February 24, 2013 15:55 IST

The Hyderabad police has detained six local youth for questioning in connection with the twin blasts which killed 16 people on Thursday evening in a crowded market area in the city.

These young men had earlier been arrested in connection with the Mecca Masjid blast of 2007 and tortured by the city police. They were later acquitted by the courts.
 
Mohammed Rayeesuddin, a resident of Malakpet, was among those who were picked up by the police on Sunday.
 
Others detained include Mohammed Shakeel, Abdul Raheem and Azmath. Two young men -- Arshad and Abdul Kareem -- were allowed to go home after questioning. One Dr Ibraheem Junaid has also been asked by the police to come to the police station.
 
When asked about the detentions, Hyderabad Police Commissioner Anurag Sharma claimed he didn’t know about them.

“They may have been called for questioning by our officers but we have not arrested anybody,” he said.

When asked why the men -- who have been found innocent of wrongdoings in the past -- have again been picked up, he said he needed to verify the facts before commenting on the issue.
 
It may be recalled that the Hyderabad police had picked up nearly hundred local Muslim men after the bomb blasts in Mecca Masjid on May 18, 2007.

The young men were subjected to torture and forced to confess to their involvement in the blast. While 26 were later booked on terror related charges, others were released.
 
When the investigations were handed over to the Central Bureau of Investigation, it was found that the blast was the handiwork of some right-wing elements.
 
All the local youth were later acquitted by the court but some of them had to languish in jail for more than one-and-a-half years before being exonerated. On the recommendations of the National Commission for Minorities, the state government had to pay a compensation and issue a good character certificate to these men.
 
“But the way the same men have been picked up, there seems to be no change in the police’s behaviour; they are still looking at us with suspicion”, said Dr Junaid, who had received a compensation of Rs 3 lakh and a certificate from the police.
 
“What is the reason for picking up these innocent young men,” said Lateef Mohammed Khan of the Andhra Pradesh Civil Liberties Monitoring Committee.

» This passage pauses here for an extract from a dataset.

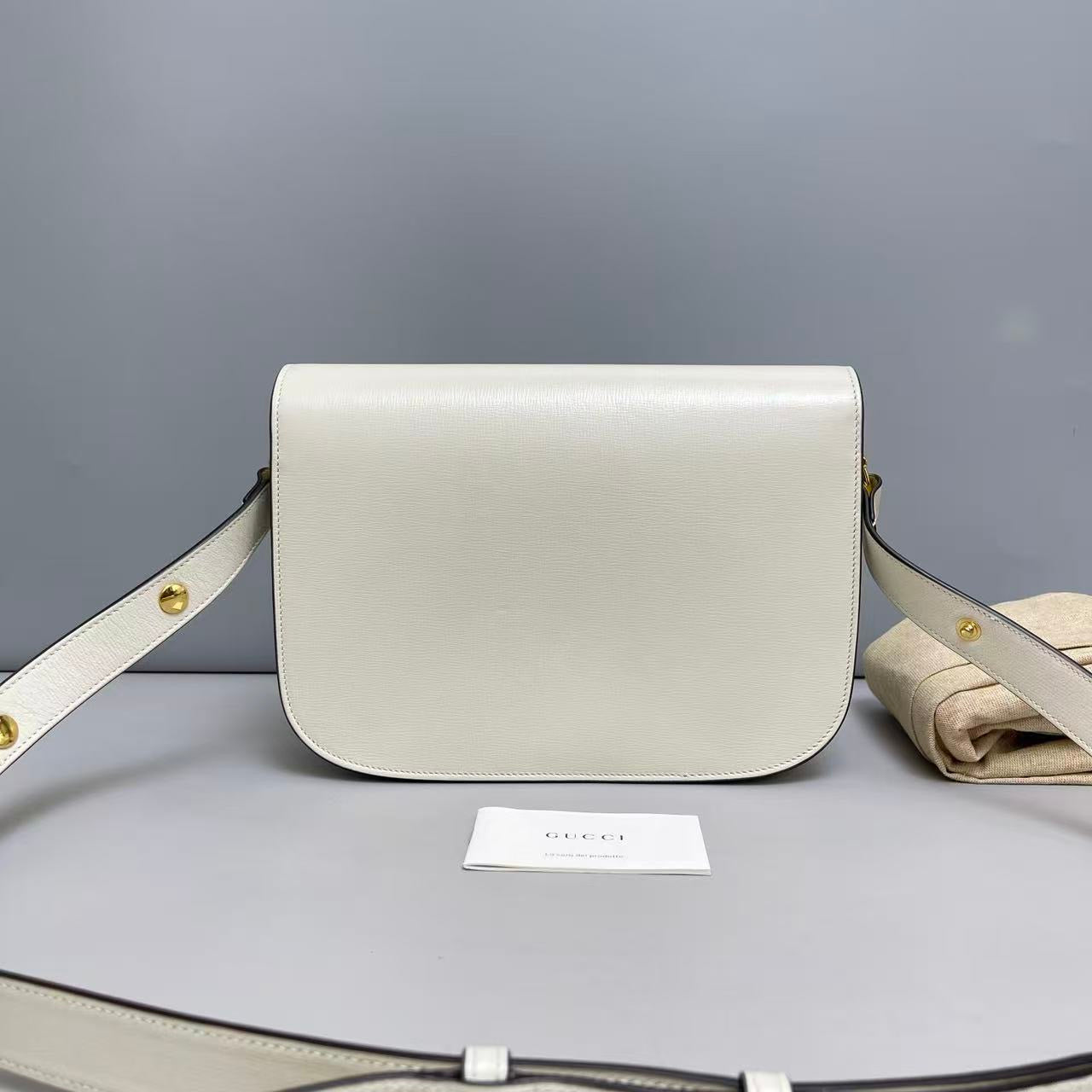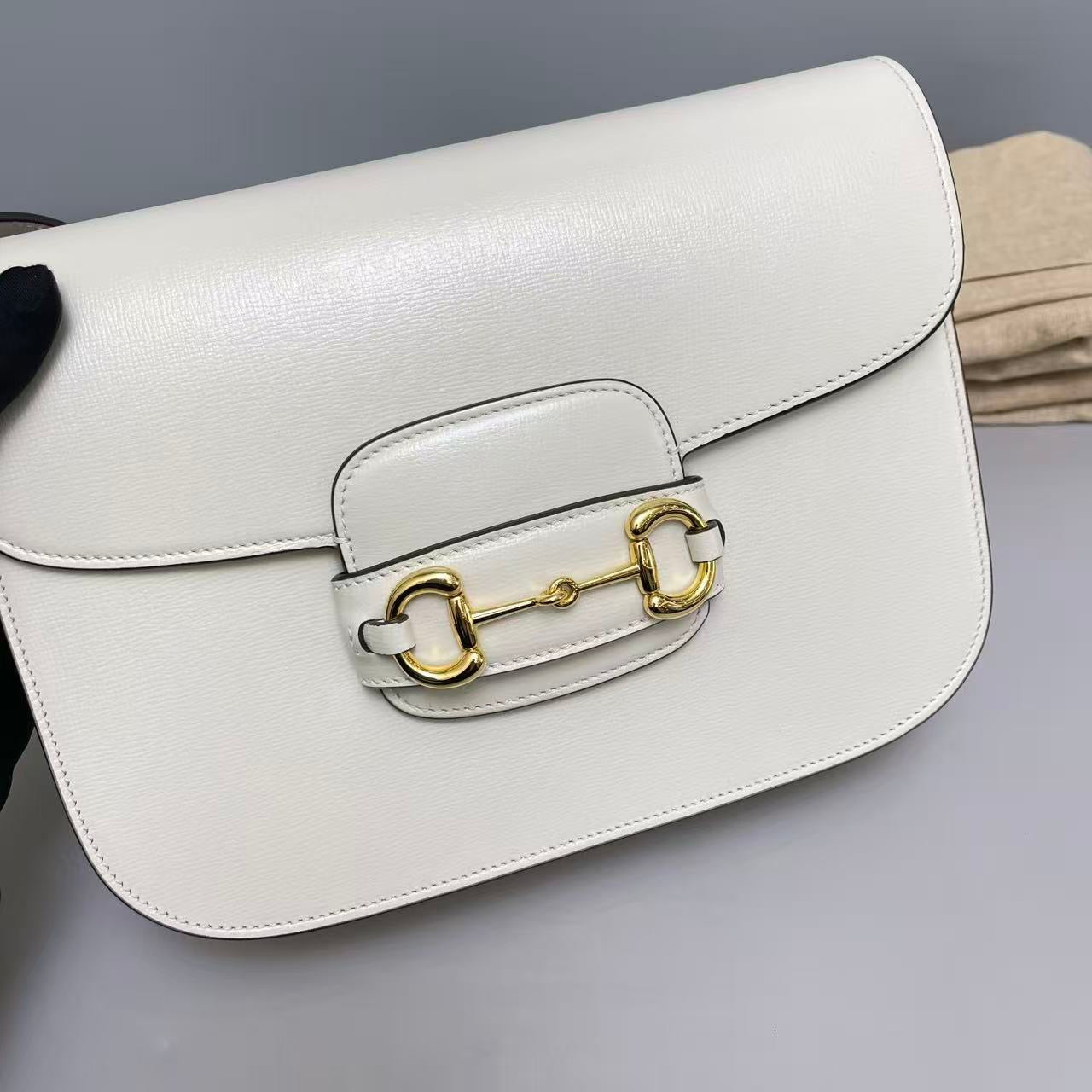 A beautifully crafted Gucci 1955 Horsebit in smooth white leather, offering an elegant, structured silhouette that pairs effortlessly with both casual and formal looks.

Mohammed Rayeesuddin, who has been detained by the police after the recent blasts, earlier lost his job and his fiance when he was wrongfully accused of being involved  in the Mecca Masjid blast.
 
“I could never recover from the stigma of being arrested in a terror case. Why they did it to me I could never understand. Maybe because I had taken part in a protest against police firing in Hyderabad, in which one my friends had died,” Rayeesuddin had said earlier.
 
Rayeesuddin and Junaid were subjected to third degree torture by the police and coerced into signing a confession for a crime which they had not committed.
 
“I was arrested because I had prayed in Mecca Masjid on that day and helped carry the injured to the hospital,” said Dr Junaid, who was studying at the Unani Medical College opposite Mecca Masjid at the time.

Even after his acquittal, he could not find a job for a long time. Today, he runs his own clinic in Hyderabad.